About Data in ML

ML practitioners spend far more time evaluating, cleaning, and transforming data than building models.

numerical data
categorical data

Numerical Data

This unit focuses on numerical data, meaning integers or floating-point values that behave like numbers. That is, they are additive, countable, ordered, and so on.

Feature Vector

The feature vector is input during training and during inference. A feature Vector is an array of feature values comprising an example.

Feature Vectors seldom use the dataset’s raw values. Instead, you must typically process the dataset’s values into representations that your model can better learn from. This process is called feature engineering.

Every value in a feature vector must be a floating-point value. However, many features are naturally strings or other non-numerical values. Consequently, a large part of feature engineering is representing non-numerical values as numerical values.
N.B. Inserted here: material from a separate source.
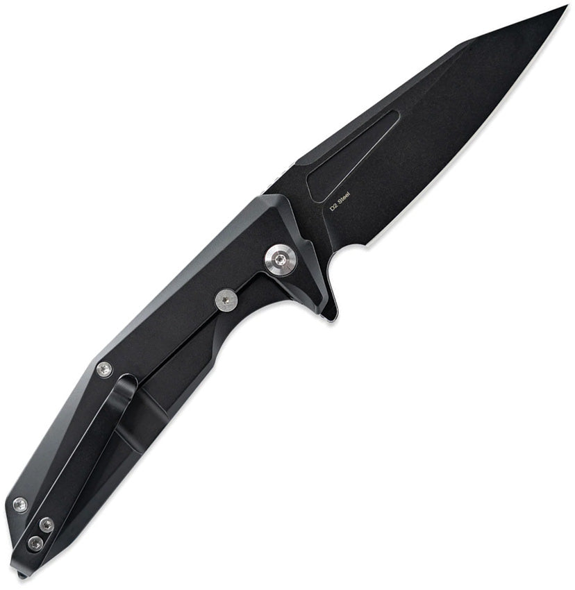 4.5" (11.43cm) closed. 3.38" (8.59cm) black PVD coated D2 tool steel blade. Black G10 handle with carbon fiber inlay. Extended tang. Pocket clip. Boxed.

The most common feature engineering techniques are:

Normalization: Converting numerical values into a standard range.
Binning (also referred to as bucketing): Converting numerical values into buckets of ranges.

Data Process

Visualize your data

Visualizations help you continually check your assumptions. Use Pandas for visualization:

Working with Missing Data: pandas Documentation
Visualizations pandas Documentation

Statistically evaluate your data

Use Pandas describe()

Find outliers

Categorical Data

Categorical Data include numbers that behave like categories.